▶ [Activity] Using the entries that follow, transcribe only the lines from the line with "Ușile alăturate sunt" to the line with "Purple Wave is", both included, exactly as they stand and without pictures.

▶ [Available records]
---+---

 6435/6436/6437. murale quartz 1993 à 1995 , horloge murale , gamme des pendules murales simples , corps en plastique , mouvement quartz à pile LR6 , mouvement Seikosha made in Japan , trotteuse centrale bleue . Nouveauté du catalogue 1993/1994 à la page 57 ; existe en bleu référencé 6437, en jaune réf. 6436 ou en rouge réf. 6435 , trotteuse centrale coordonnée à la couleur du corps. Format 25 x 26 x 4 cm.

---+---

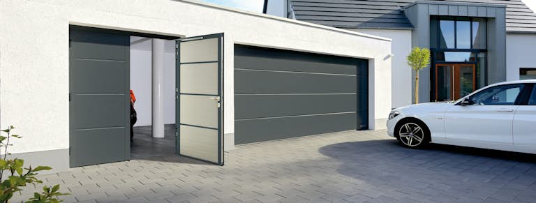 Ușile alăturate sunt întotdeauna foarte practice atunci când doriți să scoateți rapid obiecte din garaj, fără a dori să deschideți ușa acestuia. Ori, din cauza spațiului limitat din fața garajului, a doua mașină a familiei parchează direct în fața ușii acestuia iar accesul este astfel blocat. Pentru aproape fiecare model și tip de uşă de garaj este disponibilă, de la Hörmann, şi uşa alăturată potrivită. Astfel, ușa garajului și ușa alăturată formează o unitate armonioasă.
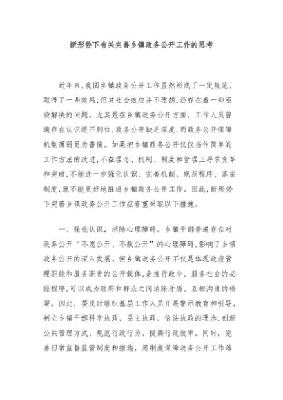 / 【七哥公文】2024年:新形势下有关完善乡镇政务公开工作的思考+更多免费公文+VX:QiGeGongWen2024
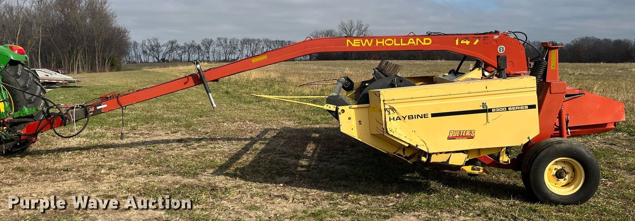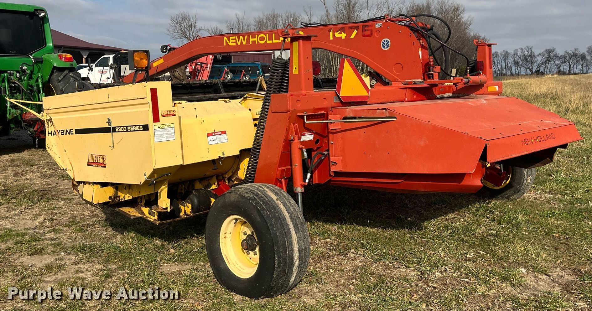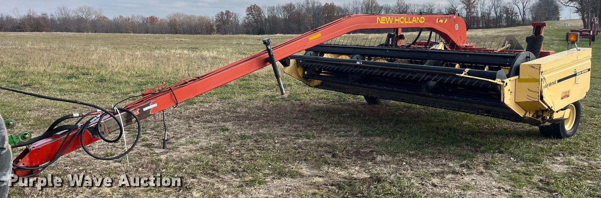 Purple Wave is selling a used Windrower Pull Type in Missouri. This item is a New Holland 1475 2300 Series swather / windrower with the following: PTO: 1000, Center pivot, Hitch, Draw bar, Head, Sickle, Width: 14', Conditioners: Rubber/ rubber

---+---

▶ [Output for this task]
 Ușile alăturate sunt întotdeauna foarte practice atunci când doriți să scoateți rapid obiecte din garaj, fără a dori să deschideți ușa acestuia. Ori, din cauza spațiului limitat din fața garajului, a doua mașină a familiei parchează direct în fața ușii acestuia iar accesul este astfel blocat. Pentru aproape fiecare model și tip de uşă de garaj este disponibilă, de la Hörmann, şi uşa alăturată potrivită. Astfel, ușa garajului și ușa alăturată formează o unitate armonioasă.
 / 【七哥公文】2024年:新形势下有关完善乡镇政务公开工作的思考+更多免费公文+VX:QiGeGongWen2024
 Purple Wave is selling a used Windrower Pull Type in Missouri. This item is a New Holland 1475 2300 Series swather / windrower with the following: PTO: 1000, Center pivot, Hitch, Draw bar, Head, Sickle, Width: 14', Conditioners: Rubber/ rubber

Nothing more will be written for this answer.